In a recent pilot study, Artificial intelligence (AI) has demonstrated its potential to track the origins of apparel waste, holding fashion brands accountable for their products’ end-of-life phases.
Conducted by Avfall Norge, a Norwegian organisation representing over 200 waste management and recycling companies, the study took place. Over two weeks, these students analyzed 3,024 pieces of textile waste from various Norwegian municipalities. Utilising AI and machine learning (ML) through a Targeted Producer Responsibility analysis, they successfully identified clothing from 708 different brands.
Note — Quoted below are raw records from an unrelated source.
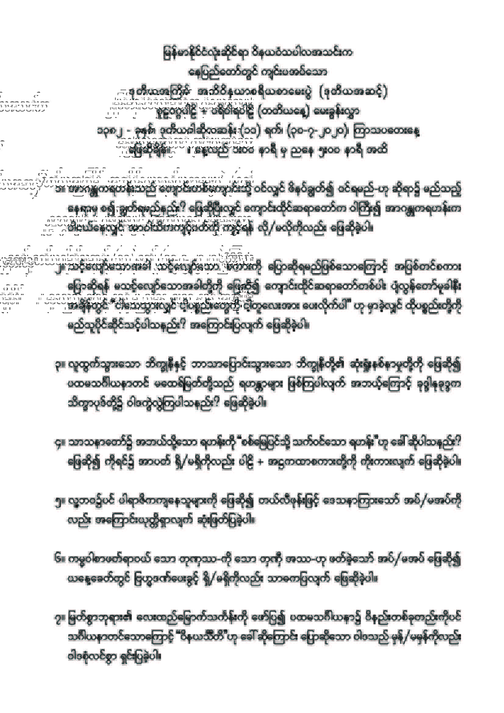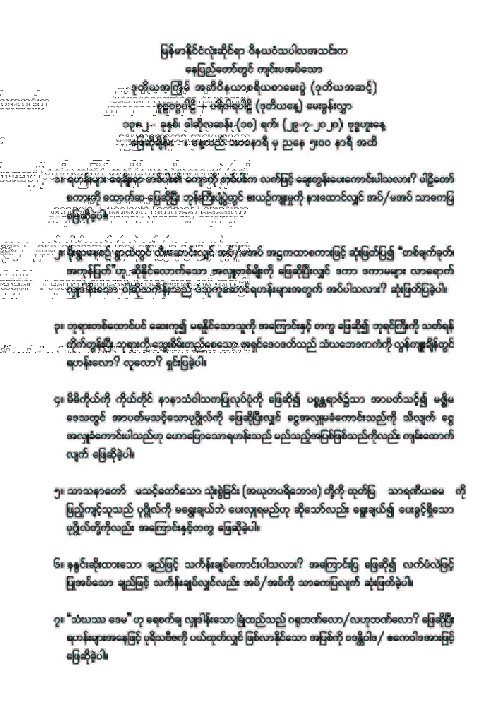 ← ၂၀၁၉ ခုနှစ် အဘိဝိနယာစရိယစာတော်ပြန်ပွဲ ပထမအဆင့်မေးခွန်း ၂၀၂၁ ခုနှစ် အဘိဝိနယာစရိယစာတော်ပြန်ပွဲ တတိယအဆင့်မေးခွန်း →
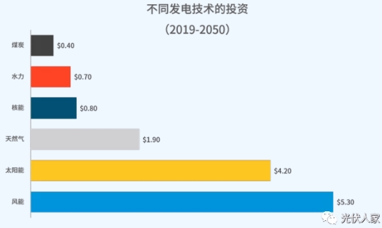 風(fēng)能與太陽能的投資將分別達(dá)到5.3萬億美元和4.2萬億美元
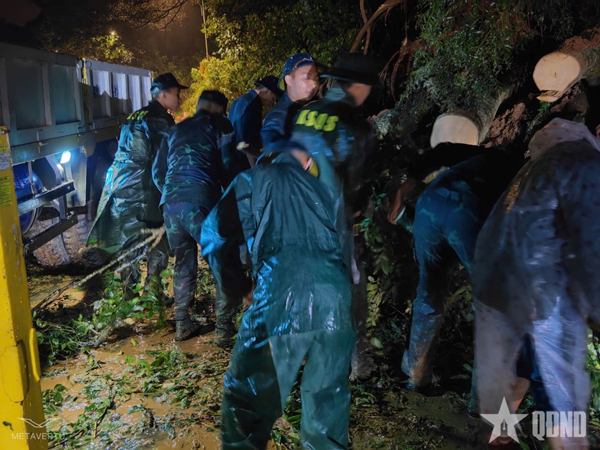 Trực tiếp chỉ huy tại hiện trường, Thượng tá Hà Bảo Lộc, Phó tham mưu trưởng Bộ CHQS tỉnh Lâm Đồng cho biết, ngay sau khi nhận được tin báo, đơn vị đã huy động 25 cán bộ, chiến sĩ cùng với các phương tiện cơ động xuống hiện trường. Với các thiết bị như máy cưa, máy xúc, cuốc, xẻng…, các cán bộ, chiến sĩ cùng với các lực lượng có mặt tiến hành cưa dọn cây gãy đổ và đất đá tràn ra mặt đường nhằm bảo đảm thông đèo trong thời gian nhanh nhất.
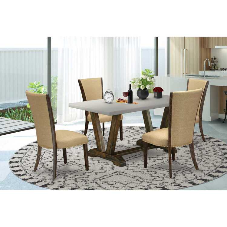 • East West Furniture V796VE703-5 5 Piece Dining Table Set for 4 Includes a Rectangle Kitchen Table with V-Legs and 4 Brown Linen Fabric Upholstered Chairs, 36x60 Inch, Multi-Color image - 1

This development coincides with the UK Fashion and Textiles Association’s announcement of a £ 4 million project aimed at creating an automated sorting and pre-processing plant for waste textiles.
The study revealed that the AI tool could easily identify the brand of the garment in 84.78 per cent of cases. This valuable information can be used to establish feedback channels with brands, potentially encouraging more sustainable production practices. Beyond brand identification, the analysis provided insights into the composition of the textile fibres, garment age, country of production, and potential for reuse. The AI and ML tools relied on product labels to track each brand’s labelling system. Data gathered through AI, has the potential to automate the sorting and recycling of apparel waste, setting the stage for strategies and policies that target waste reduction at its source and address the unchecked growth of fast fashion.